# Glitch/hack towns?



## regigiygas (Mar 23, 2015)

(i'm not even 100% sure if we're allowed to talk about this but i haven't seen anything saying we can't. i just want to talk about it but i'm not telling anyone how to do it)


have you guys seen them?
would you hack your town (move your villagers, buildings, etc)?

what do you think of it?



one of my towns is hacked and i adore it, have a look!

my map, some scenery, more scenery

if your town is hacked, maybe show it off if you want??





(if there is a rule about this that i may have missed, please let me know!)


edit: i rechecked the rules and i THINK that since it says to not include or promote hacking information, i'm in the clear?

cause i'm not sharing how to do it​


----------



## RosieThePeppyCat (Mar 23, 2015)

I would never ever hack my town. It would take the fun out of it. 

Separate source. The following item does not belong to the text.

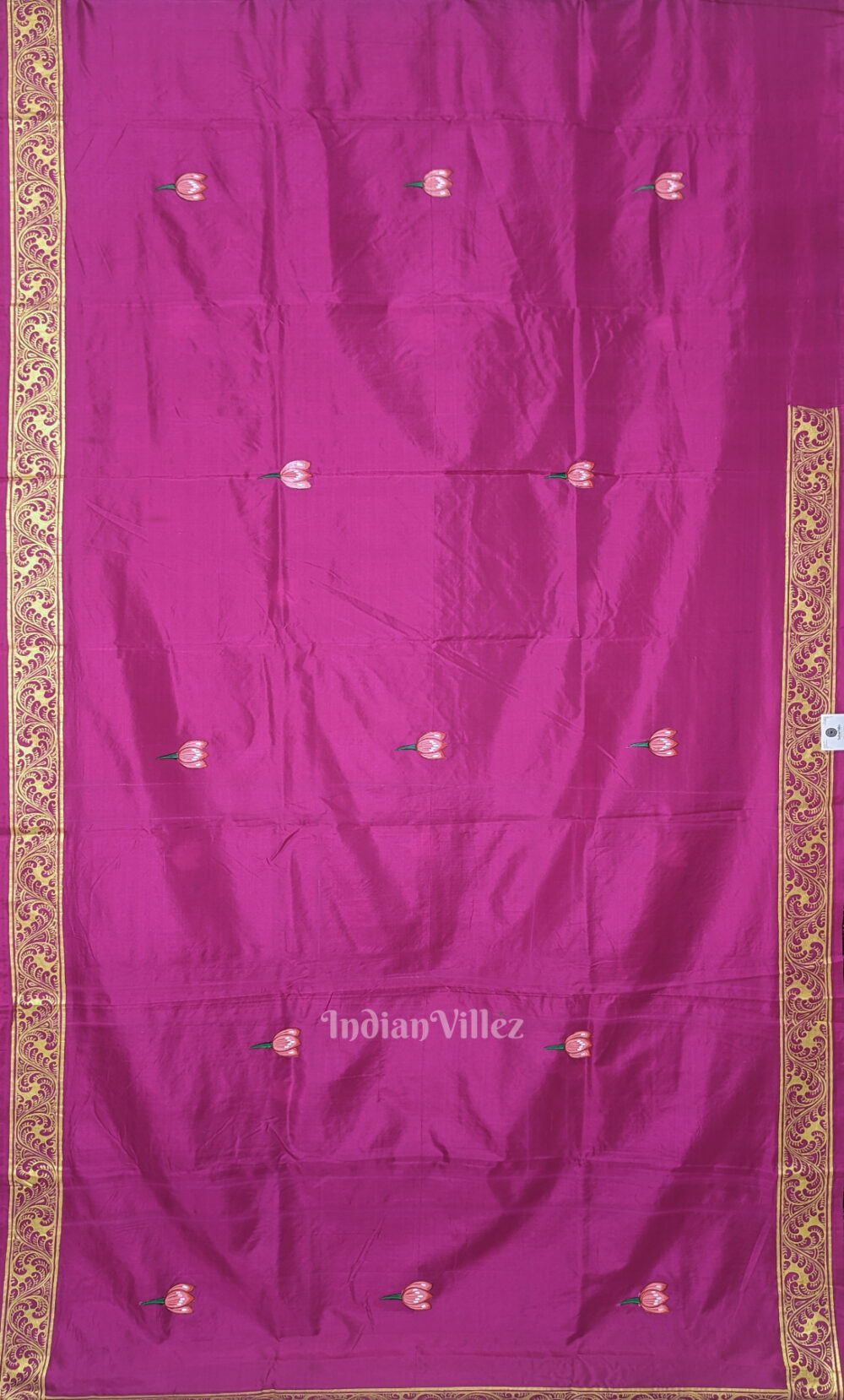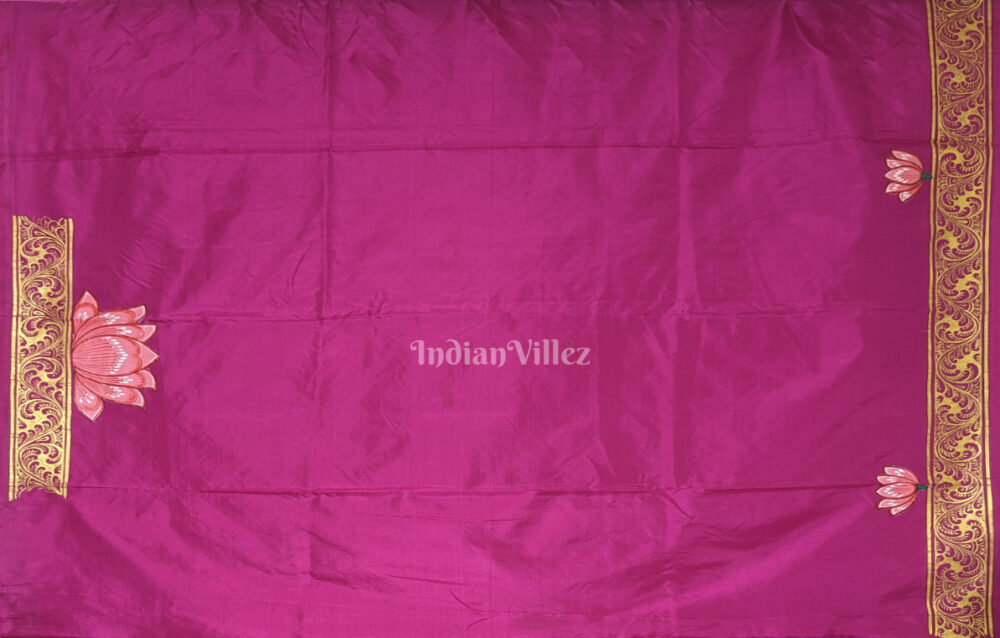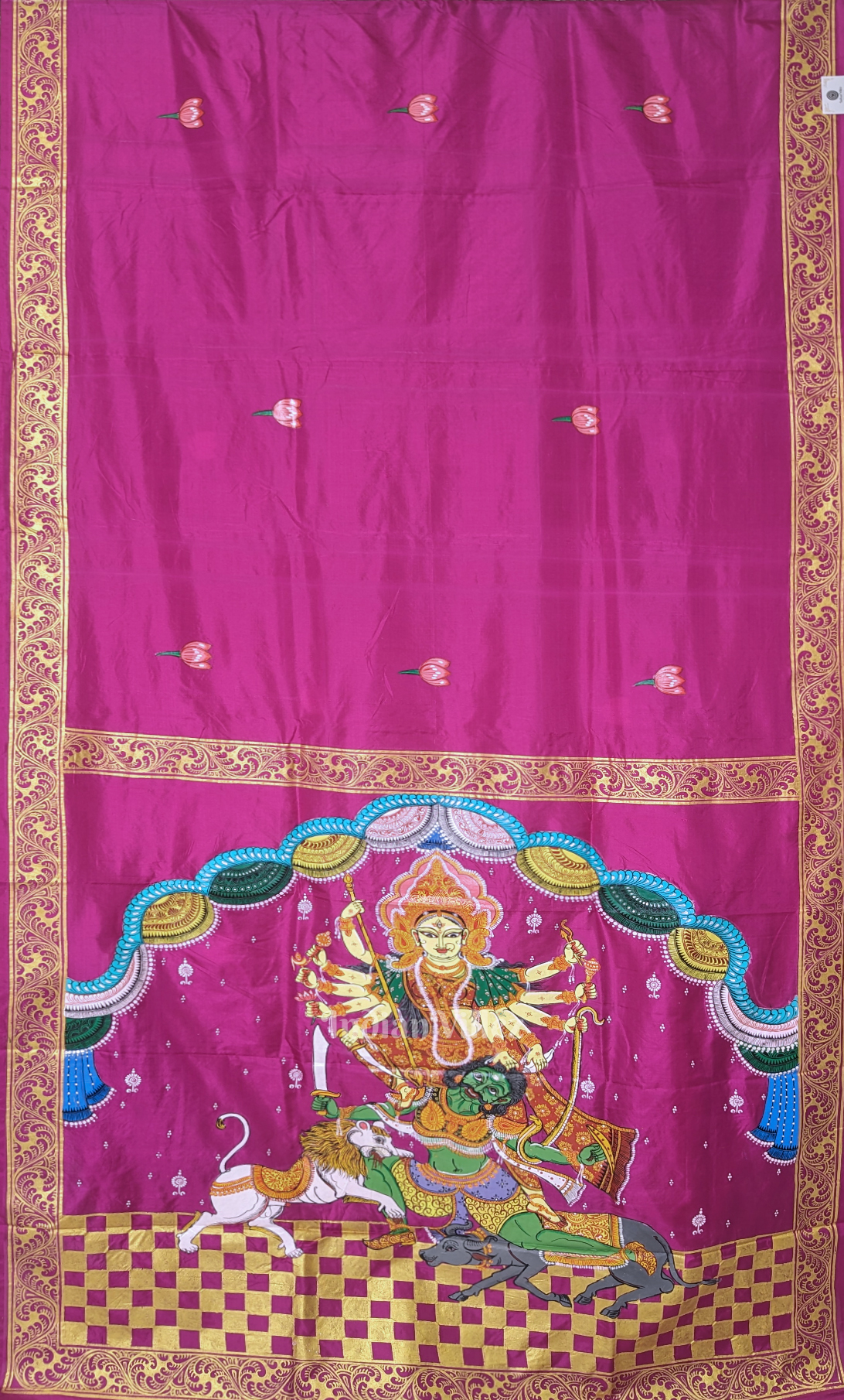 Magenta Pink Durga Puja Theme Hand-Painted Pattachitra Saree-(Mulberry Silk)
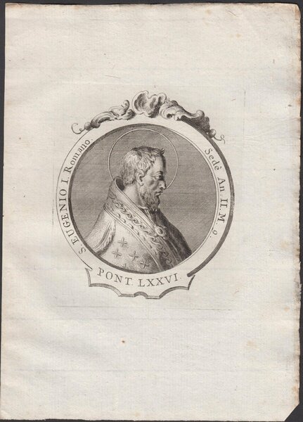 Stampa incisione Papa S. Eugeni Romano I Pont. LXXVI 1775 inc. G. B. Cavalieri

The only thing I would do would be using hacks to change my town name, though I'm not even sure if I'd do that if it was an option xD


----------



## KaydeeKrunk (Mar 23, 2015)

There are some cool hacks I have seen on tumblr and stuff, but I don't like cheating in my game. 

I saw someone put Zucker on their beach and it was super cute, his house was built into the cliff and stuff.


----------



## RosieThePeppyCat (Mar 23, 2015)

KaydeeKrunk said:


> There are some cool hacks I have seen on tumblr and stuff, but I don't like cheating in my game.
> 
> I saw someone put Zucker on their beach and it was super cute, his house was built into the cliff and stuff.


That would be cute and cool, but I wouldn't do it for myself.


----------



## regigiygas (Mar 23, 2015)

RosieThePeppyCat said:


> I would never ever hack my town. It would take the fun out of it.
> 
> 
> The only thing I would do would be using hacks to change my town name, though I'm not even sure if I'd do that if it was an option xD


yep, changing your town name is a thing you can do. 


you can basically change everything about your game.

- - - Post Merge - - -



KaydeeKrunk said:


> There are some cool hacks I have seen on tumblr and stuff, but I don't like cheating in my game.
> 
> I saw someone put Zucker on their beach and it was super cute, his house was built into the cliff and stuff.



when I was working on my town I accidentally put Bones's house in the ocean, and Deirdre was hanging off of a cliff D8


----------



## KaydeeKrunk (Mar 23, 2015)

RosieThePeppyCat said:


> That would be cute and cool, but I wouldn't do it for myself.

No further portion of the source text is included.